Eine zentrale. Ohne digitale Prozesse würde die Branche heute kollabieren. Track & Trace, automatisierte Abläufe, digitale Schnittstellen – nur so lässt sich das immense Volumen trotz Personalmangel überhaupt noch bewältigen. Trotzdem gibt es noch Potential nach oben, etwa bei der durchgängigen Integration von Zoll- und Dokumentenprozessen. Häfen wie Rotterdam oder Antwerpen haben eine sehr effiziente digitale Plattform, die eine effiziente Planung der Hafen- und Hinterlandlogistik erlaubt.
Wie beurteilen Sie die Zukunftsfähigkeit des Hamburger Hafens?
Hamburg bleibt ein zentraler Knotenpunkt, aber die Herausforderungen sind groß. Die Hinterlandanbindung ist lückenhaft, Wartezeiten von 40 bis 60 Stunden sind keine Seltenheit. In Sachen Digitalisierung hat Hamburg zwar aufgeholt, liegt aber immer noch hinter Rotterdam und Antwerpen. Das schlägt auf die Kosten und erhöht den Druck im internationalen Wettbewerb.
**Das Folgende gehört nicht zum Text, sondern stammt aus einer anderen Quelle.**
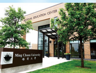
美國分校 Michigan Location, U.S.A.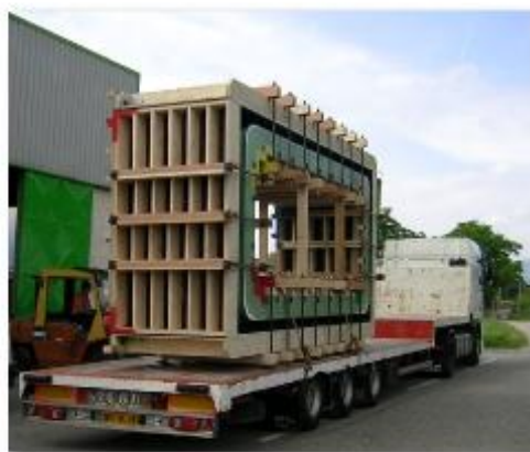
Moule pour cadre (client : PREFA 31)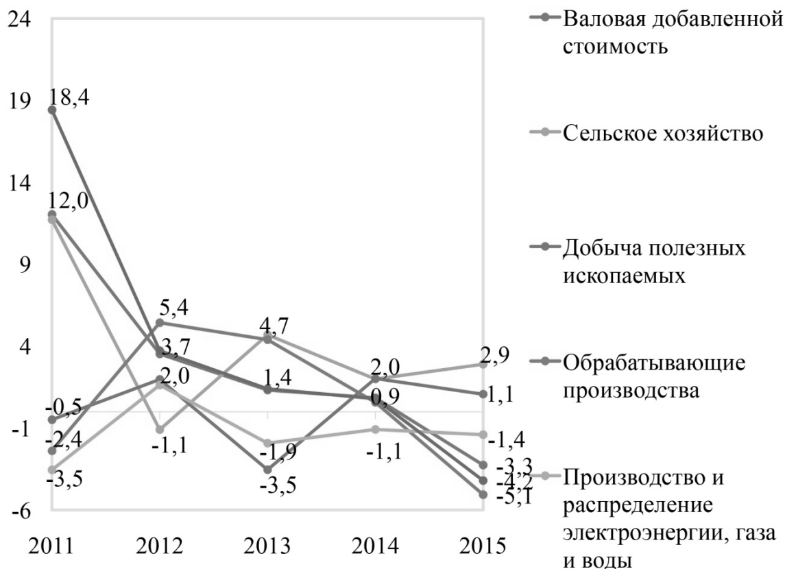
Рис. 4. Темп роста валовой добавленной стоимости по некоторым секторам РФ, 2011-2015*

*Источник: http://www.gks.ru/free_doc/new_site/vvp/vvp-god/tab11.htm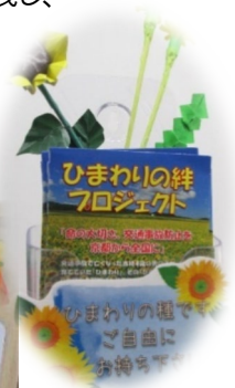
2021年夏・砂川ISA飾りつけの様子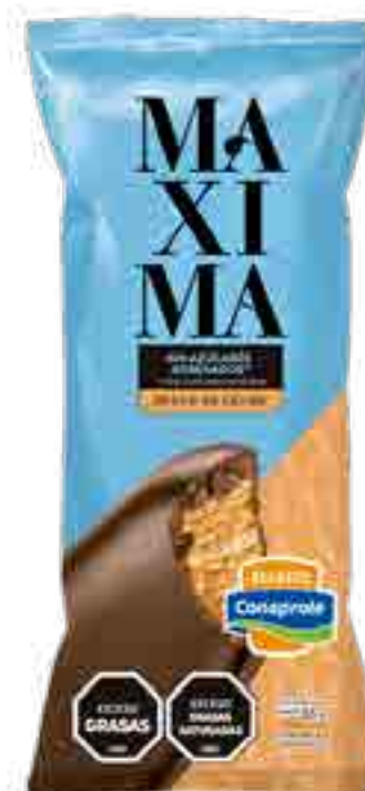
Maxima Dulce de Leche sin azúcares agregados Cont. Neto 65 grs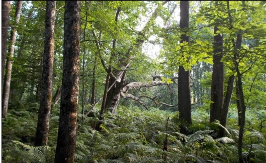
Vieille frênaie, dans le milieu riverain de la rivière du Chêne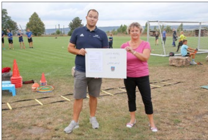
Text und Bild B. Wollweber

Der Sportverein VfB Oldisleben erhielt Lottomittel für das Jahr 2020 vom Thüringer Ministerium für Bildung, Jugend und Sport. Diese sind zweckgebunden und für die Instandhaltung des großen und schönen Sportgeländes bestimmt. Damit möchte der Verein auch weiterhin die Qualität erhalten. Der Sportverein VfB Oldisleben e.V. kümmert sich ausschließlich selbständig um die gesamte Sportanlage mit ca. 15.000 Quadratmetern. Dies ist immer wieder ein 2 schneidiges Schwert, wieviel finanzielle Mittel man dafür einsetzt, welche dann für den Zweck Sporttreiben fehlen. Von der Anlage profitieren alle Kinder und Jugendliche, welche die Thüringer Gemeinschaftsschule Oldisleben besuchen und bei regionalen Wettkämpfen, darüber hinaus. Wir sind sicher nur in gleichwertiger Kooperation funktioniert die Entwicklung. Danke an den Gemeinderat, die Schule und der Bundestagsabgeordneten Fr. Kersten Steinke.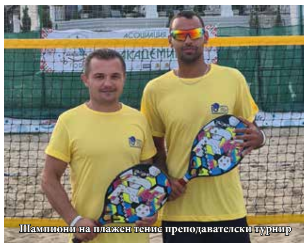
Шампиони на плажен тенис преподавателски турнир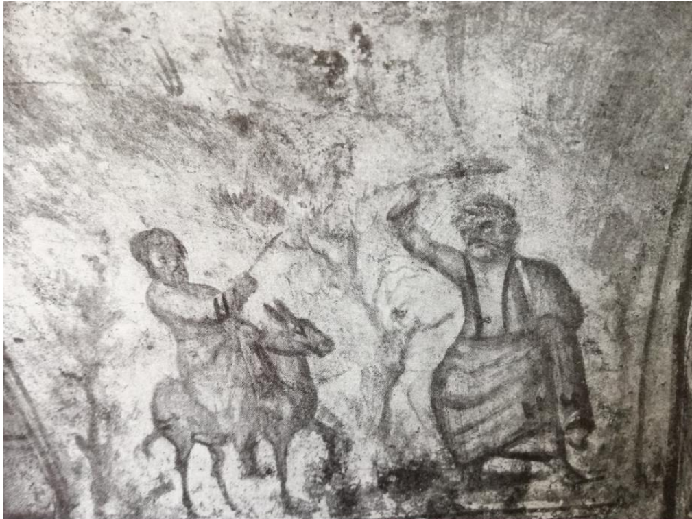
Fig. 5. Roma, Ipogeo di via Dino Compagni, parte sinistra della volta dell'arcosolio destro del cubicolo. B. Balaam, a cavallo della sua asina, viene fermato dall'angelo (da FERRUA 1960, tav. XXVI).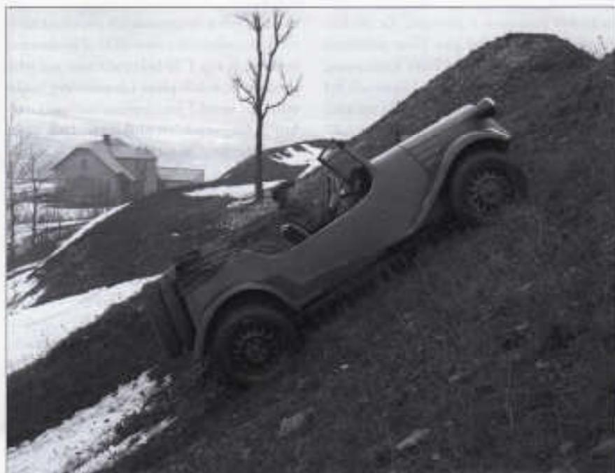
Při předváděcí jízdě V 750 zdolával bezpečně svah v značném sklonu

Vojenské dvounápravové osobní automobily s náhonem na všechna kola z let 1937 a 1938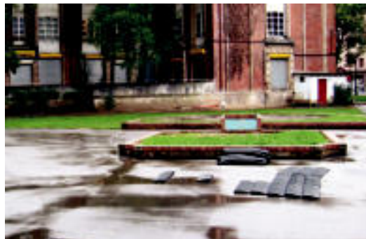
Lurreko kautzuak ere mugituta daude bere ohiko lekuetatik. I. T.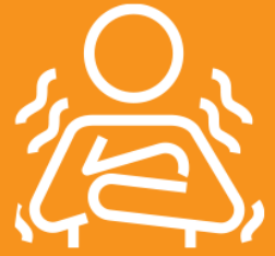
SHAKING WITH CHILLS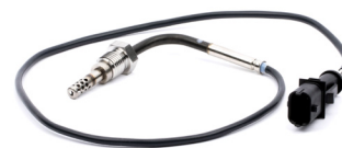
Capteur température échappement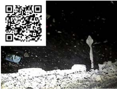
初雪にて、さっそくやらかしました ( T D T )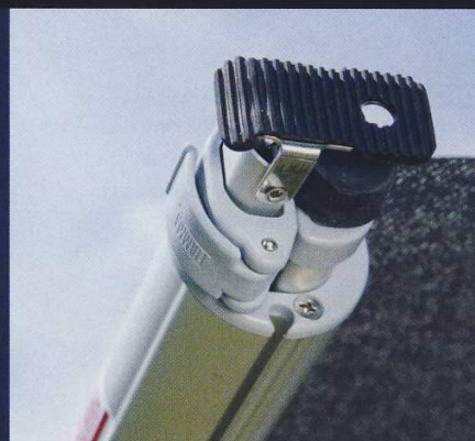
De luifelstokken schuiven in de rol-as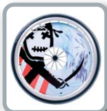
Protector para radios B85 M4 "Pirata"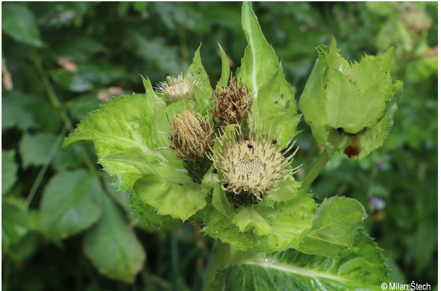
Cirsium oleraceum – Milan Štech – Bližná.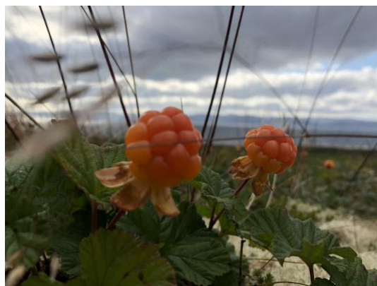
Kanskje blir det multer til dessert..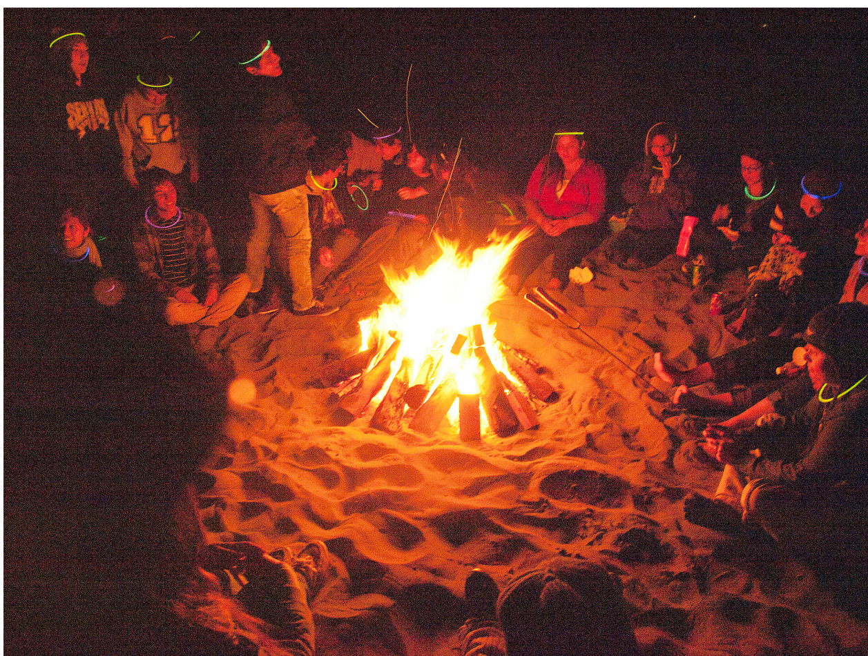
Latin@ Peer Mentoring bonfire fall 2012, students gather around at Clam beach to tell scary stories, make hot dogs and eat s'mores.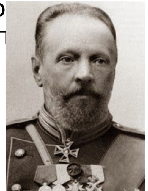
Витте Сергей Юльевич (1849-1915)

Этот период в финансовой истории России называется периодом золотого монометаллизма.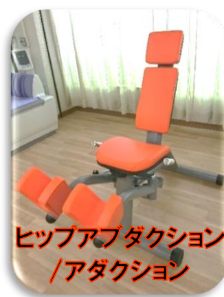
ヒップアブダクション /アダクション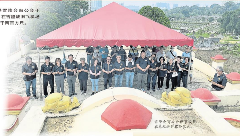
雪隆会甯公会理事成员在总坟进行茶祭仪式。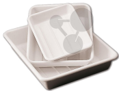
Färbewanne säurefest 20 cm Bestellnummer 1113146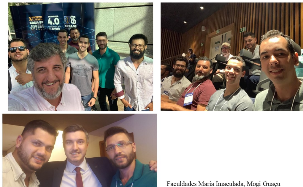
Faculdades Maria Imaculada, Mogi Guaçu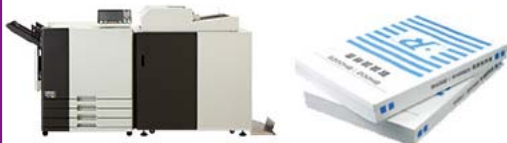
くるみ製本フィニッシャーモデル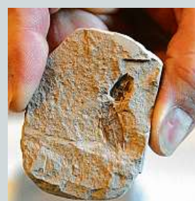
Nové exponáty – nejstarší brouk (vlevo)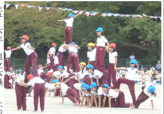
《五・六年 組立体操 上の写真は、新しい演技の「人間起こし」です。仲間を信頼してできる技です。短い時間で完成させました。》

「学校だけの力じゃできないなあ。」運動会が終わって、いつも思うことです。三・四年の表現「武田武士」は、地域の方に毎年指導をしていただいています。また、当日の運営には、PTAの役員の皆様にお手伝いをいただきました。運動会終了後は、保護者の皆様が進んで片付けを手伝ってくれました。保護者や地域の皆様に支えられて、運動会の成功があったと心より感謝しています。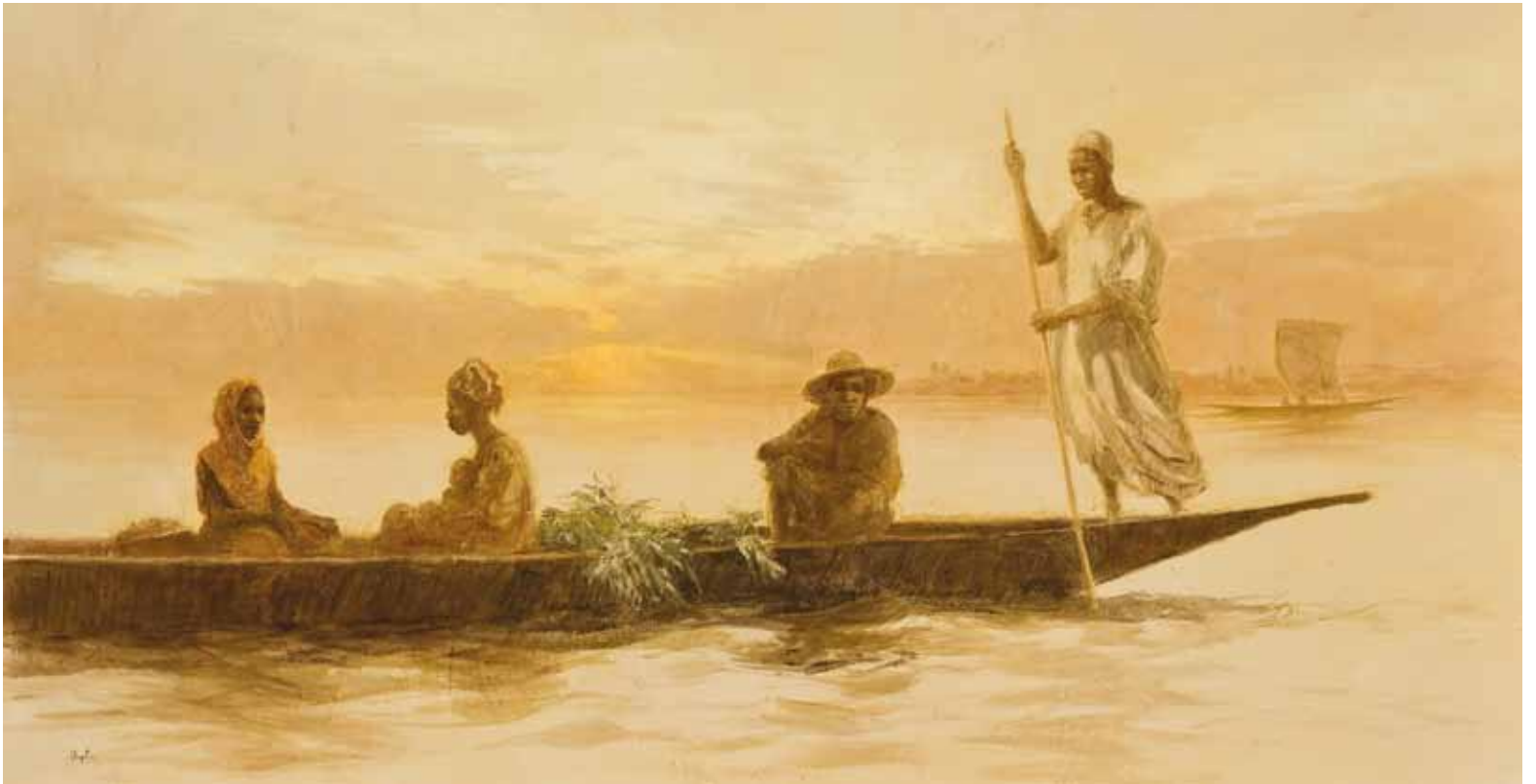
■ Atardecer - 97x195 cm - Technique mixte sur toile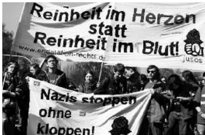
Jugendliche demonstrieren gegen einen NPD-Aufmarsch.

ab. Das wäre dann die offizielle Harmlosigkeitsbescheinigung. Bei dem, was Sie sagen, müssen Sie schon Widersprüche vermeiden“, sagte er in Richtung der Koalitionsfraktionen.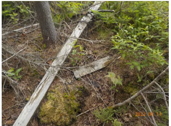
Figure 10: Débris à ramasser au point supplémentaire A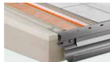
Sistemas para varandas Schlüter® Solução completa para construções novas e recuperação de varandas e terraços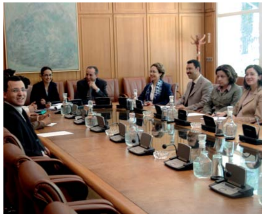
Les membres du comité technique du programme BSG au MFP.

La réussite de la stratégie de développement social est donc tributaire d'une véritable refonte de la politique publique dans le sens de la promotion des principes de bonne gouvernance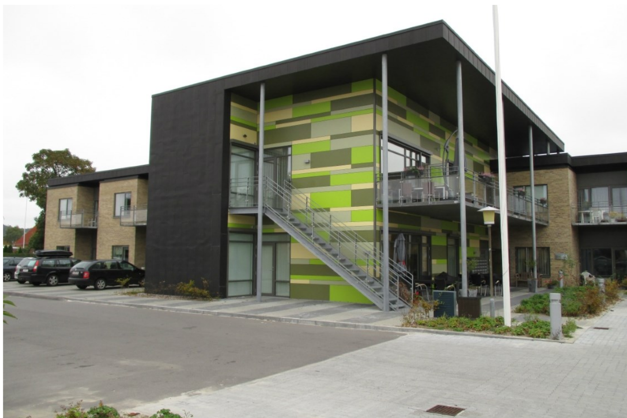
Plejecenter Møllehjemmet, Auning

Vi mener, at der er mange gode tiltag i Ældreloven bl.a. indførelse af små teams og at borgernes selvbestemmelse skal være en kerneværdi.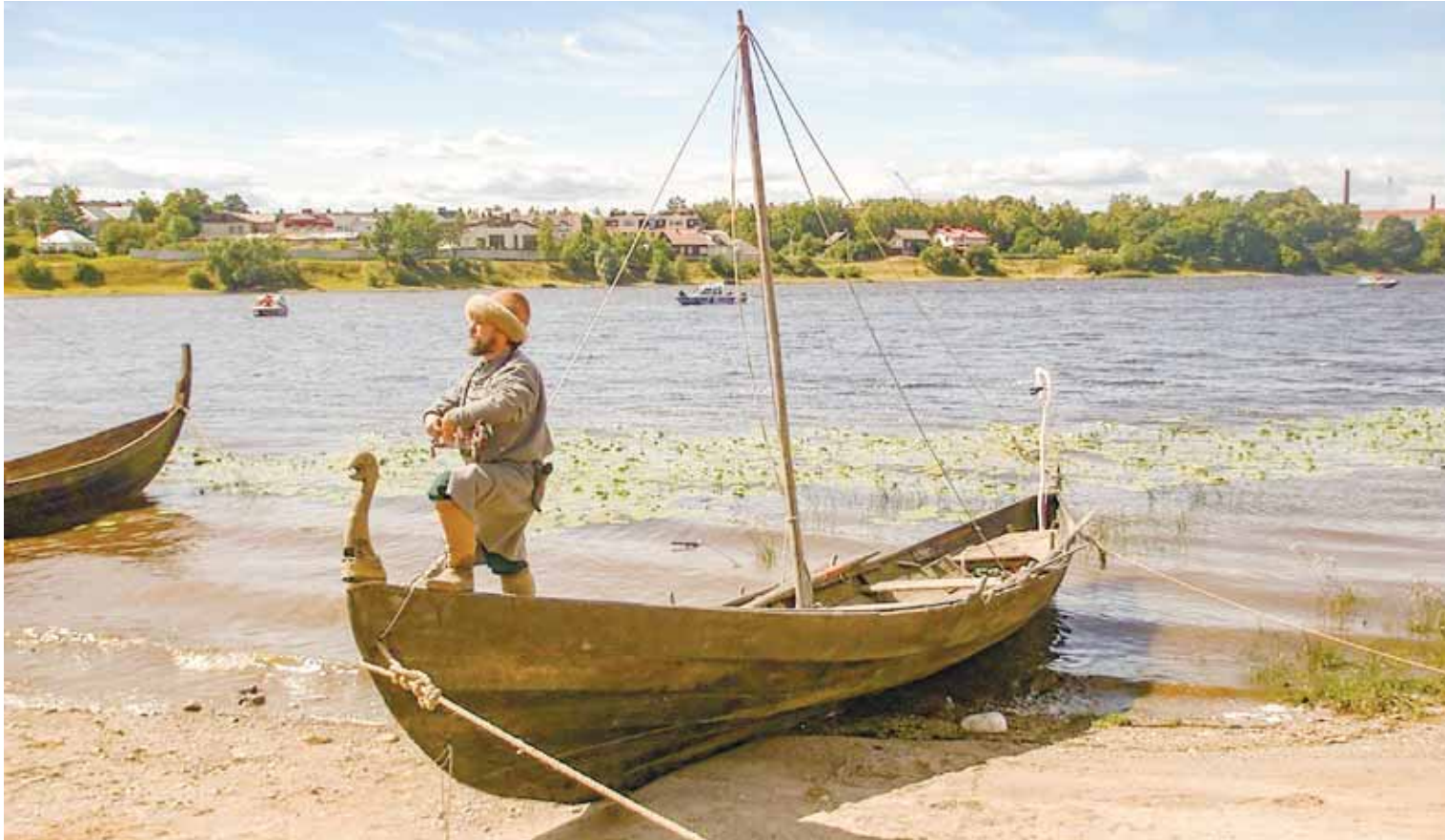
Реплика девятиметрового виккота конца эпохи викингов.

себя причастными то ли к сериалу «Игра престолов», то ли к фильмам «Викинг» или «Александр Невский».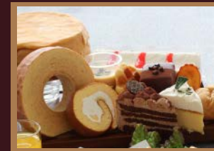
●シャトレーゼスイーツ（ケーキ・アイス）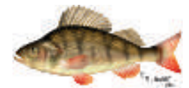
La perche (20-35 cm)

Illustrations de P. J. Dunbar, Service Technique de la Province de Liège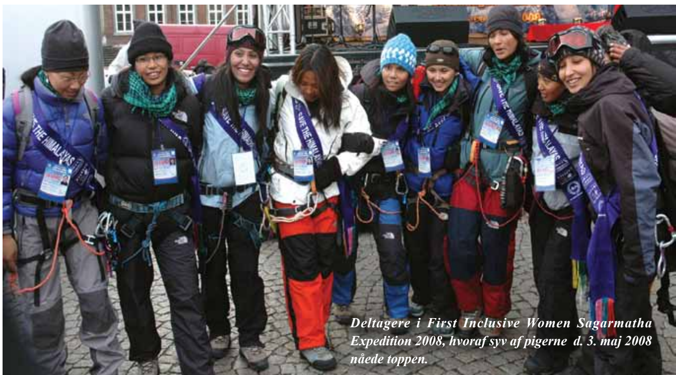
Deltagere i First Inclusive Women Sagarmatha Expedition 2008, hvoraf syv af pigerne d. 3. maj 2008 nåede toppen.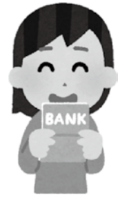
▲特別定額給付金が給付されています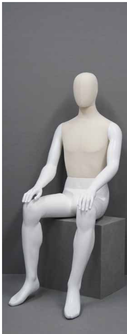
CFM-6201-W•FRP-1腕 B:95 W:74 cm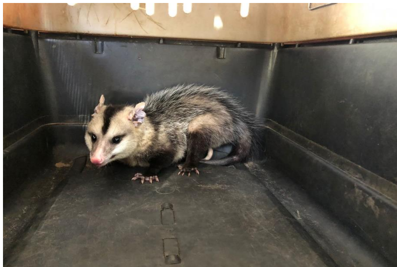
(43912) – Gambá-de-orelha-branca.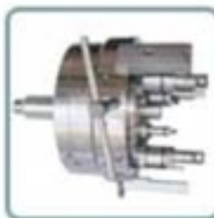
ATTREZZATURA AUTOMATICA DI BASE CHIAVE PER AZIONAMENTO CAMBIO RAPIDO KIT DI PRESA

Quando si vuole lavorare il cono del sincronizzatore la membrana continua a serrare il pezzo, mentre le staffe si aprono ed arretrano lasciando lo spazio per gli utensili o la mola.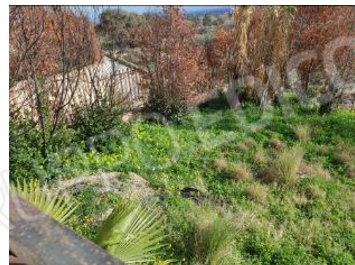
Foto 35,36,37. Terreno di pertinenza lato Ovest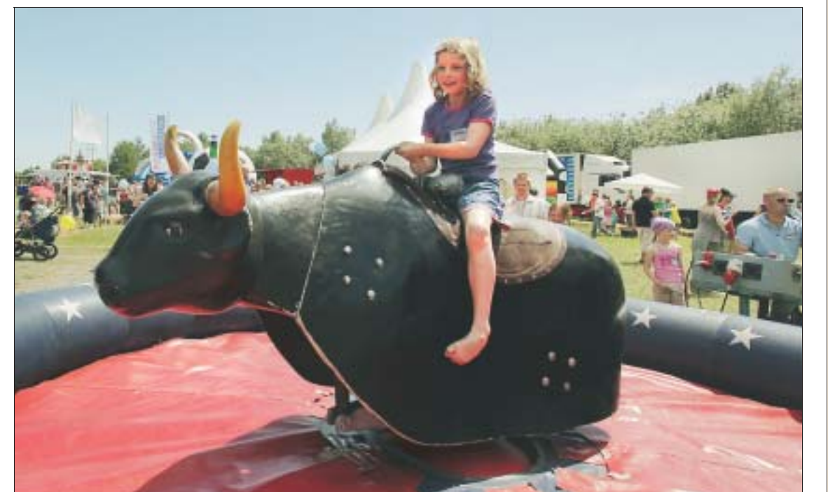
Auf dem Abenteuer-Bauernhof der Molkerei Ammerland war auch Geschicklichkeit gefragt: So galt es, sich beim Bullen-Reiten zu bewähren. Viele schafften es ohne Abwurf.

Kann Wilhelmshaven da eine Alternative sein?
Potential ist da, aber die Realität hinkt hinterher. Es fehlt an Infrastruktur und Anbindung. Hätte man den Hafen näher an die großen Wirtschaftszentren gelegt, wäre mehr drin gewesen. So bleibt Wilhelmshaven ein ergänzender Standort, aber kein ernstzunehmender Ersatz für Hamburg, Rotterdam oder Antwerpen.
Was sind für Sie die drängendsten Probleme der Branche?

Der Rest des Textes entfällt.